Home

Hoge Raad, 28-06-2019, ECLI:NL:HR:2019:1057, 18/04243

Hoge Raad, 28-06-2019, ECLI:NL:HR:2019:1057, 18/04243

Gegevens

Instantie
Hoge Raad
Datum uitspraak
28 juni 2019
Datum publicatie
28 juni 2019
Annotator
ECLI
ECLI:NL:HR:2019:1057
Zaaknummer
18/04243

Inhoudsindicatie

HR: 81.1 RO.

Uitspraak

HOGE RAAD DER NEDERLANDEN

BELASTINGKAMER

Nummer 18/04243

Datum 28 juni 2019

ARREST

In de zaak van

[X] te [Z] (hierna: belanghebbende)

tegen

het COLLEGE VAN BURGEMEESTER EN WETHOUDERS VAN DE GEMEENTE WORMERLAND

op het beroep in cassatie gericht tegen de uitspraak van het Gerechtshof Amsterdam van 21 augustus 2018, nr. 17/00111, op het hoger beroep van belanghebbende tegen een uitspraak van de Rechtbank Noord-Holland (nr. ALK 16/2036) betreffende de aan belanghebbende voor het jaar 2015 opgelegde aanslag in de rioolheffing van de gemeente Wormerland.

1 Geding in cassatie

Belanghebbende heeft tegen de uitspraak van het Hof beroep in cassatie ingesteld en daarbij een aantal klachten aangevoerd.

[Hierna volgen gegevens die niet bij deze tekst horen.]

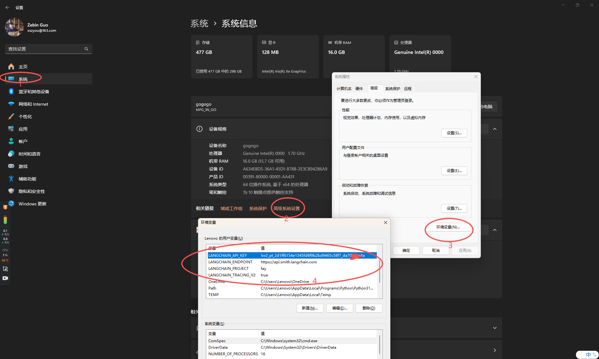 在系统上添加如图4个环境变量,这里key就是上一步保存下来的,project自由填写,待会自动创建的。

Het college van burgemeester en wethouders van de gemeente Wormerland (hierna: het College) heeft een verweerschrift ingediend.

Belanghebbende heeft een conclusie van repliek ingediend.

Het College heeft een conclusie van dupliek ingediend.

2 Beoordeling van de klachten

De klachten kunnen niet tot cassatie leiden. Dit behoeft, gezien artikel 81, lid 1, van de Wet op de rechterlijke organisatie, geen nadere motivering, nu de klachten niet nopen tot beantwoording van rechtsvragen in het belang van de rechtseenheid of de rechtsontwikkeling.

3 Proceskosten

De Hoge Raad ziet geen aanleiding voor een veroordeling in de proceskosten.